▶ _Task statement_: Copy out every entry that follows, without a single picture.

[Collected data]
────────

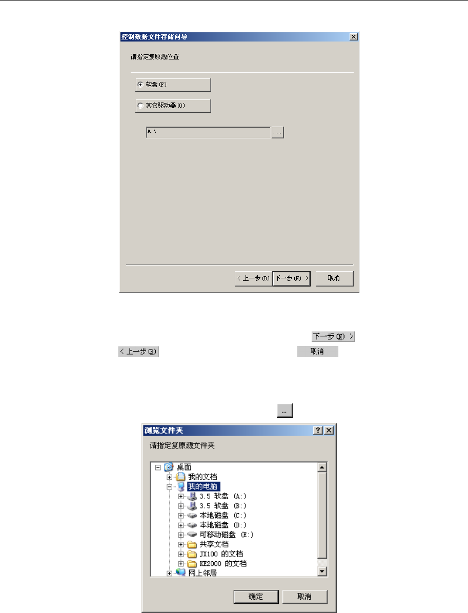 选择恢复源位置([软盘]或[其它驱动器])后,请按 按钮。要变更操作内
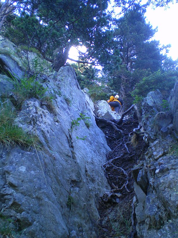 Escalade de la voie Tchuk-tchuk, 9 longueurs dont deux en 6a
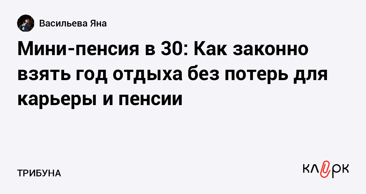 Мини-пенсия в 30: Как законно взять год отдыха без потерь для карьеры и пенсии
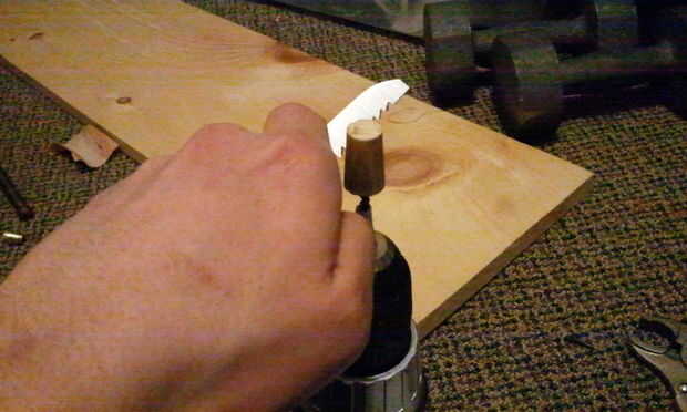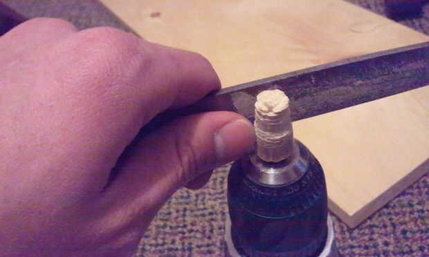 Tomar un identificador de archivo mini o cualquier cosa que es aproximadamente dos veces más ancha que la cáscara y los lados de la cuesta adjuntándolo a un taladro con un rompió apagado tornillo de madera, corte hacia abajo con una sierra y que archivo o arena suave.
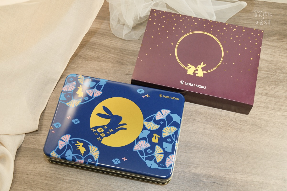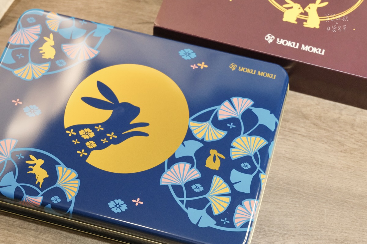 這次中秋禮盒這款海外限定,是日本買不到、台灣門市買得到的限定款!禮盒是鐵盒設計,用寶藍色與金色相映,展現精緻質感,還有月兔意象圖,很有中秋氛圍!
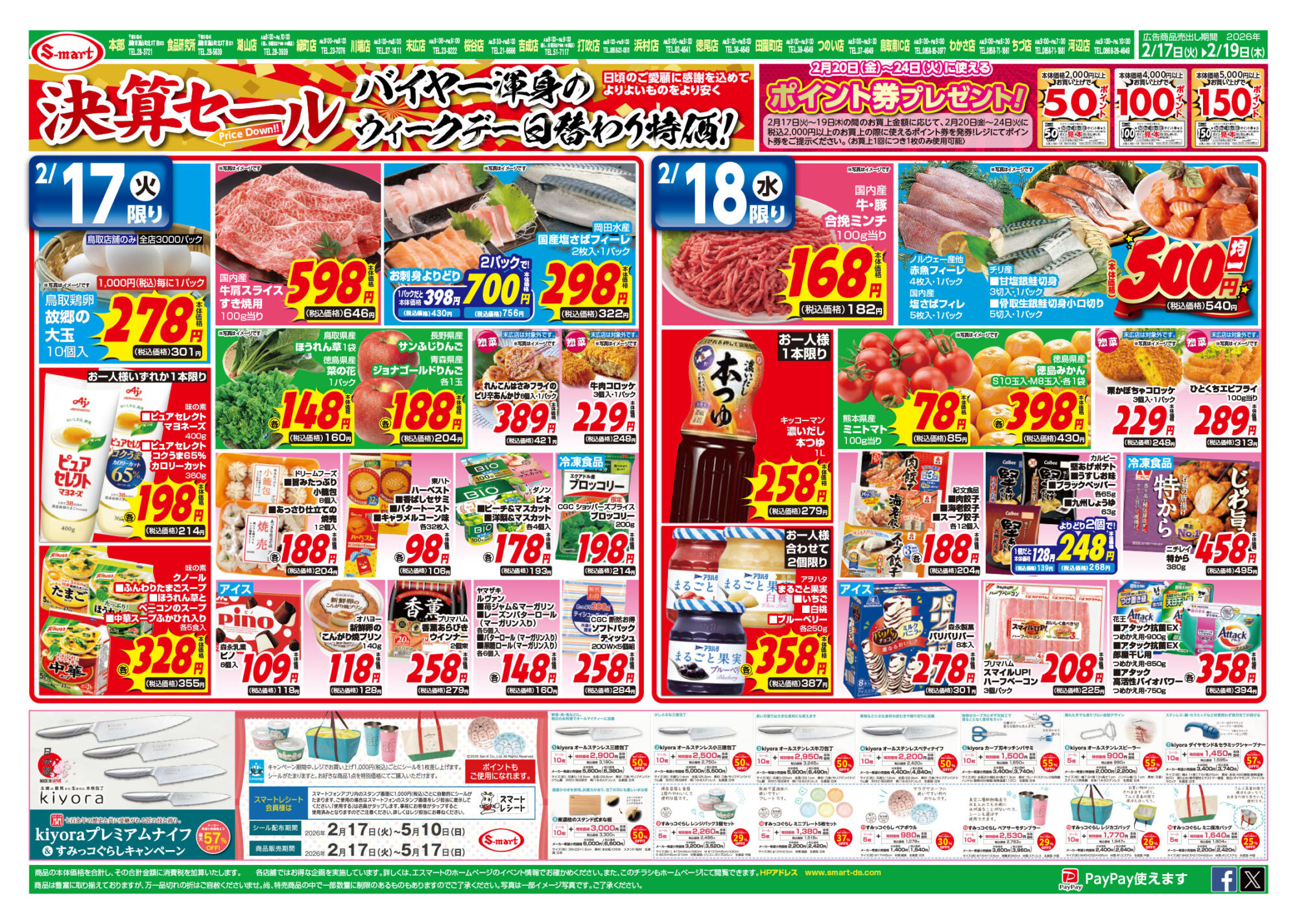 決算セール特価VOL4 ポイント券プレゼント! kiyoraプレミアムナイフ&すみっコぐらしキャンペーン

────────

▶ _Output for this exercise_:
 选择恢复源位置([软盘]或[其它驱动器])后,请按 按钮。要变更操作内
 Escalade de la voie Tchuk-tchuk, 9 longueurs dont deux en 6a
 Мини-пенсия в 30: Как законно взять год отдыха без потерь для карьеры и пенсии
 Tomar un identificador de archivo mini o cualquier cosa que es aproximadamente dos veces más ancha que la cáscara y los lados de la cuesta adjuntándolo a un taladro con un rompió apagado tornillo de madera, corte hacia abajo con una sierra y que archivo o arena suave.
 這次中秋禮盒這款海外限定,是日本買不到、台灣門市買得到的限定款!禮盒是鐵盒設計,用寶藍色與金色相映,展現精緻質感,還有月兔意象圖,很有中秋氛圍!
 決算セール特価VOL4 ポイント券プレゼント! kiyoraプレミアムナイフ&すみっコぐらしキャンペーン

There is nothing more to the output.